By 2025, snacking across the Asia Pacific is projected to surpass $70 billion, with Southeast Asia accounting for an outsized share of that growth. As a marketing growth strategist working across Singapore, Indonesia, Vietnam, Thailand, and Malaysia, I’ve watched this category evolve over recent years not just in numbers, but in how brands win: through agility, cultural fluency, and digital mastery.
Today, I’m going to break down exactly what’s driving snacking’s growth across Southeast Asia in 2025, why it matters to international and local players, and how a smart, 2025-relevant marketing strategy can unlock returns in this category.
So grab a bag of tempe chips and let’s jump in.
Premiumisation: When Everyday Snacks Become Aspirational
Let’s start with the obvious: SEA consumers today don’t just want everyday snacks, they want status snacks.
Across the region, younger consumers, especially Gen Z, are trading up for premium experiences, driven by rising disposable incomes, social aspiration, and social media influence. But premiumisation today isn’t just about slapping a “luxury” label on packaging.
Take Irvins Salted Egg, the Singaporean brand whose salted egg fish skin became a regional and then global phenomenon. Irvins don’t just sell chips, they sell an emotion: local pride meets global cool. Their success wasn’t accidental. It was built on three core factors:
A unique local flavour profile (salted egg, beloved across Southeast Asia)
Beautifully designed, Instagrammable/Tik Tok worthy packaging
A DTC growth model, using airport retail, social buzz, and regional expansion
Irvins Salted Egg products
The Takeaway here is that in 2025, premiumisation is about narrative. Brands that sell aspiration, belonging, and experience will continue to outperform those that just sell ingredients.

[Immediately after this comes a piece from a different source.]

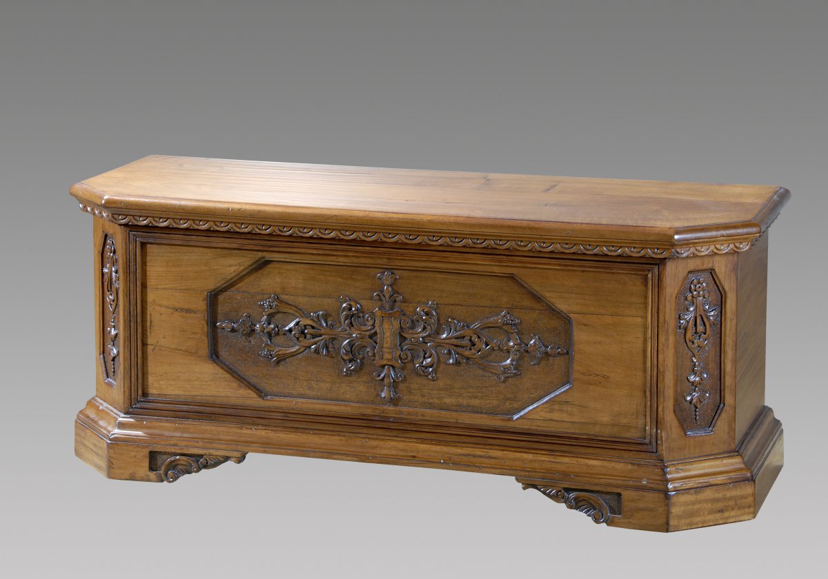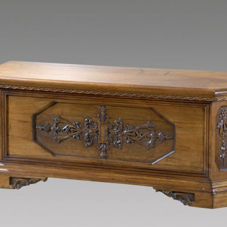 Cassapanca in noce con intaglio realizzato a mano con lucidatura a fonitura anticata

Hyper-Local Meets Global Fusion
Southeast Asian consumers are no longer 100% satisfied with mass-market Western imports or cookie-cutter global brands. Instead, they’re increasingly hungry for authentic local flavours reimagined with global flair.
We can clearly see this with brands like Jack ‘n Jill and Calbee (honey butter, wasabi chips), Zenko Superfoods (popped water lily seeds with Himalayan pink salt), and The Kettle Gourmet (Singaporean popcorn in kaya toast or nasi lemak flavours).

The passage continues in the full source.